While it's clear that much time and effort was obviously dedicated to these controller-specific features, it's Blizzard's ongoing attention to the social aspects of the game that are the most exciting to me. Apprentice mode accommodates for lower level players to join with those that have much greater experience, delivering a less restrictive game while evening the playing field and balancing the gameplay respectively. Additionally, the Nemesis system presents a gameplay mechanic that is both terrifying in concept and intriguing in delivery. Any creature that defeats you now has the potential to level up, rip open a portal, step through it, and materialize in one of your friend's games.
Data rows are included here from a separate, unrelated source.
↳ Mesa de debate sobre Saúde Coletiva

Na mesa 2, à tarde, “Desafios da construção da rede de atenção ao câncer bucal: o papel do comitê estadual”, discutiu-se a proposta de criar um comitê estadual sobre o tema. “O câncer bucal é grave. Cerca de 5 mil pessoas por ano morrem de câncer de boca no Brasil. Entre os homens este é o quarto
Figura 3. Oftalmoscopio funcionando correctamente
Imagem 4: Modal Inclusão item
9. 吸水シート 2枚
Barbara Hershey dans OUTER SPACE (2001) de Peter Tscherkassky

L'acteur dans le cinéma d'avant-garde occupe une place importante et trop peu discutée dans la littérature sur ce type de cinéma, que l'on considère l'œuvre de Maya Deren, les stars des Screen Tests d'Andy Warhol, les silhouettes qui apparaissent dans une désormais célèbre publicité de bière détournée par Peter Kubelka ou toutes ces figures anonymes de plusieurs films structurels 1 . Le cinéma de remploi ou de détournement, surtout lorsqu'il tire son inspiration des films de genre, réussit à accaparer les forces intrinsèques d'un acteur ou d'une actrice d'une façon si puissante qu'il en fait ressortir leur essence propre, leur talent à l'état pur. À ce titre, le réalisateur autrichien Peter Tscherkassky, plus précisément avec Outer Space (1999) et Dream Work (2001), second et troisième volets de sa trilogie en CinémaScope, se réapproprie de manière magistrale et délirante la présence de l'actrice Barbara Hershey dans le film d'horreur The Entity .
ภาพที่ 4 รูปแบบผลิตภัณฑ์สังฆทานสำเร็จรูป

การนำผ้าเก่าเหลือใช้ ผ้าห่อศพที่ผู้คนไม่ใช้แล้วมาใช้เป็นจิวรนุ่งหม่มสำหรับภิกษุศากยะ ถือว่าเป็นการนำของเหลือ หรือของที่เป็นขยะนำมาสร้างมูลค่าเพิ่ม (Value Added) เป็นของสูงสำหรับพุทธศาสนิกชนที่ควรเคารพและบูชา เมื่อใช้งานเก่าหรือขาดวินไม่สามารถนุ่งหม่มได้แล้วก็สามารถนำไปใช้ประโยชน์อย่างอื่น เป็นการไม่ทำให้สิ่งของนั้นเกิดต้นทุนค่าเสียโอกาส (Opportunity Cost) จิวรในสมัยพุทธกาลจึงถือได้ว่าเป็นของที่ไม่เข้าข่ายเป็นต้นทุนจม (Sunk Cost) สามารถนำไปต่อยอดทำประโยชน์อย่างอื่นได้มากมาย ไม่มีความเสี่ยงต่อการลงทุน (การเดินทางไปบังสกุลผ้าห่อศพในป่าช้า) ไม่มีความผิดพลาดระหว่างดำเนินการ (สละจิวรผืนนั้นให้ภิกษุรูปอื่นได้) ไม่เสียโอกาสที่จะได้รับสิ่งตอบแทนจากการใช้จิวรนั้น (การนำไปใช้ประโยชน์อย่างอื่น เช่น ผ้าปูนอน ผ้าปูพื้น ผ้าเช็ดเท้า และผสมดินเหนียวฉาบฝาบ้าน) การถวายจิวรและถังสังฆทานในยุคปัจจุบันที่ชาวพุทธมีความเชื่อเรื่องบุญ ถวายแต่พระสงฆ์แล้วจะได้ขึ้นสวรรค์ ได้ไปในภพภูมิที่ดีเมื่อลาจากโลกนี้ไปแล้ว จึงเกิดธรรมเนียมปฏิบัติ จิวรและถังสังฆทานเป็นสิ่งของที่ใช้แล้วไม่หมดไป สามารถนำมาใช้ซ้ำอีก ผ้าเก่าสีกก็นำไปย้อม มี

A similar portal re-opens in your friend's game the next time they log on, providing full access for this Nemesis. Like the domino effect, this creature will continue to gain strength and level up. However, once defeated, you and your friends will share in the reward.
After completing all five acts, Adventure mode provides an open world experience that allows you to travel anywhere and slay anything. Bounties can be accepted to unlock Nephalem Rifts that further randomizes nearly every aspect of dungeon exploration – from dungeon layout and monsters, to weather and boss battles; essentially breathing continued life into a game that may have already been completed. There is also no longer a cap to the Paragon level, as Paragon points can be used to further develop your character's statistics, for near endless character development.
Teaming up with Sony, the developers of 'Diablo III: Ultimate Evil Edition' have also included some exclusive content in the form of a Nephalem Rift inspired by the creatures that inhabited the world of 'The Last of Us', as well as a larger-than-life acquired armor set based specifically on the ever popular 'Shadow of the Colossus'. They are a nice touch, albeit not altogether necessary, and a warranted nod to some of Sony's more beloved games – both new and old.
Finally, as much fun as I'm having playing 'Diablo III: Ultimate Evil Edition' with my son in couch co-op, it would be unjust not to mention the incredible visual flare the game offers. Much more than a simple port to the current gen console, 'Diablo III' delivers visuals that are quite often jaw dropping. Whether in the expansive outdoors, fighting your way through hordes of creatures while the heavens above rain down upon you, or in the deepest dungeon whose only source of light are sporadic torches and unattended fires, 'Diablo III' is stunningly beautiful. What's even more impressive is the consistently solid frame rate. Locked in at 60 fps, there is nary a hiccup, stutter, or tear, regardless of the number of creatures on screen or intensity of battle. 'Diablo III: Ultimate Evil Edition' delivers a true next gen experience and is simply the smoothest running game I've had the pleasure in playing.
While the wait to finally get my hands on 'Diablo III' may have felt like an eternity, I could not be happier with my decision to hold out for this truly Ultimate edition. Fans of the franchise that may have already completed the game still have reason to continue playing it on the PlayStation 4. Importing your previous character (and appropriate level) is a seamless option and one that I whole-heartedly suggest. Surprisingly, 'Diablo III: Ultimate Evil Edition' feels like the first true next gen game that I've experienced. More than just a pretty face, its design, features, and updates are what I have been waiting on since the PlayStation 4 was first released.
Well done, Blizzard Entertainment. Well done.